Now the Fourteenth Amendment declares, in express words, that
"no state shall make or enforce any law which shall abridge the
privileges or immunities of citizens of the United States." As the
First Amendment guaranteed the rights of free speech and of a free
press against hostile action by the United States, it would seem
clear that, when the Fourteenth Amendment prohibited the states
from impairing or abridging the privileges of citizens of the
United States, it necessarily prohibited the states from impairing
or abridging the constitutional rights of such citizens to free
speech and a free press. But the Court announces that it leaves
undecided the specific question whether there is to be found in the
Fourteenth Amendment a prohibition as to the rights of free
Page 205 U. S. 465
speech and a free press similar to that in the First.
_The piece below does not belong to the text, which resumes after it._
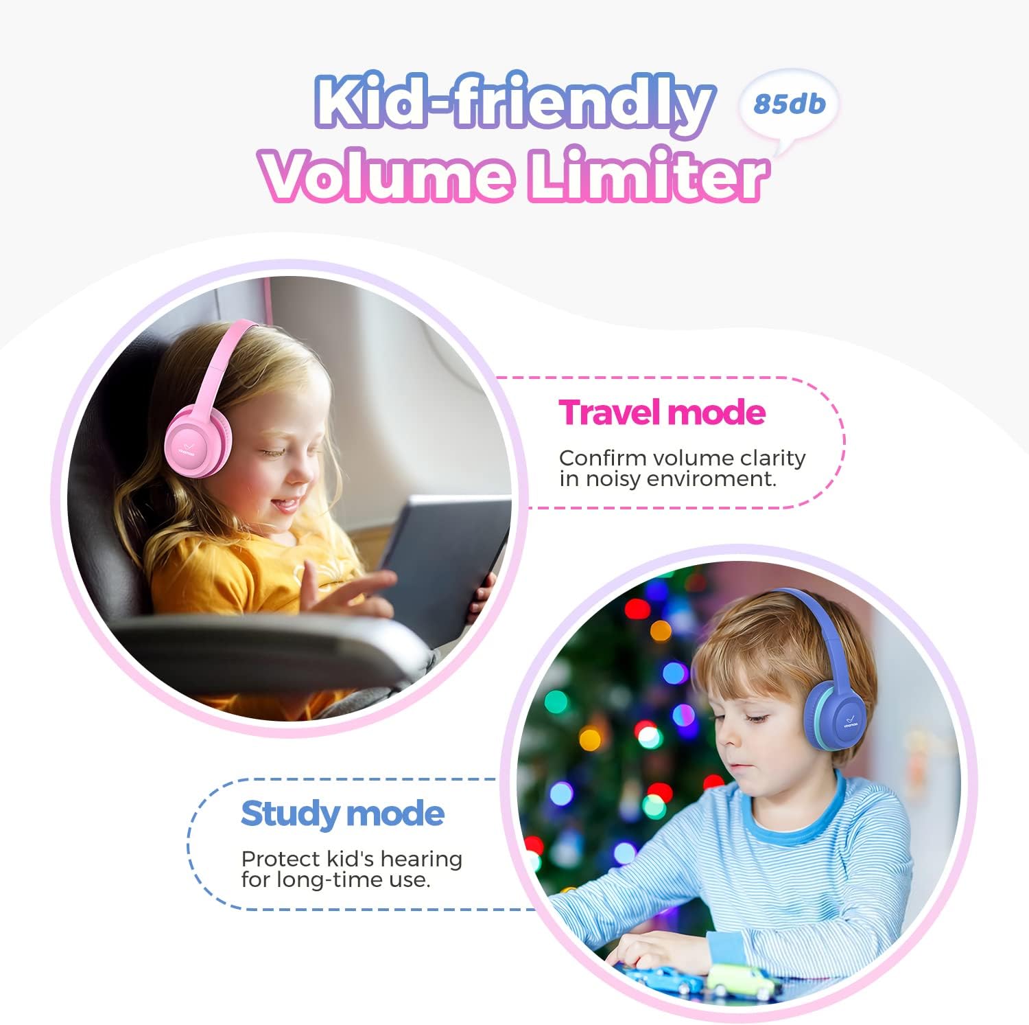 【Hearing Protection for Kids】: A63 kids headphones have built-in safe and fixed sound volume limitation levels set at 85 dB, which satisfy the WHO recommended limit level to prevent hearing damage. There is no need to worry about your children's hearing damage even without parental control and supervision. Parents can leave their children alone in the world of music with confidence. Help your children love what they listen to at a safe volume for different environments or tasks.

It yet
proceeds to say that the main purpose of such constitutional
provisions was to prevent all such "previous restraints" upon
publications as had been practiced by other governments, but not to
prevent the subsequent punishment of such as may be deemed contrary
to the public welfare. I cannot assent to that view if it be meant
that the legislature may impair or abridge the rights of a free
press and of free speech whenever it thinks that the public welfare
requires that to be done. The public welfare cannot override
constitutional privileges, and if the rights of free speech and of
a free press are, in their essence, attributes of national
citizenship, as I think they are, then neither Congress nor any
state, since the adoption of the Fourteenth Amendment, can, by
legislative enactments or by judicial action, impair or abridge
them. In my judgment, the action of the court below was in
violation of the rights of free speech and a free press as
guaranteed by the Constitution.
I go further and hold that the privileges of free speech and of
a free press, belonging to every citizen of the United States,
constitute essential parts of every man's liberty, and are
protected against violation by that clause of the Fourteenth
Amendment forbidding a state to deprive any person of his liberty
without due process of law. It is, I think, impossible to conceive
of liberty, as secured by the Constitution against hostile action,
whether by the nation or by the states, which does not embrace the
right to enjoy free speech and the right to have a free press.
MR. JUSTICE BREWER, dissenting:
While not concurring in the views expressed by MR. JUSTICE
HARLAN, I also dissent from the opinion and judgment of the Court.
The plaintiff in error made a distinct claim that he was denied
that which he asserted to be a right guaranteed by the federal
Constitution. His claim cannot be regarded as a frivolous one, nor
can the proceedings for contempt be
Page 205 U. S. 466
entirely disassociated from the general proceedings of the case
in which the contempt is charged to have been committed. I think,
therefore, that this Court has jurisdiction, and ought to inquire
and determine the alleged rights of the plaintiff in error. As,
however, the Court decides that it does not have jurisdiction and
has dismissed the writ of error, it would not be fit for me to
express any opinion on the merits of the case.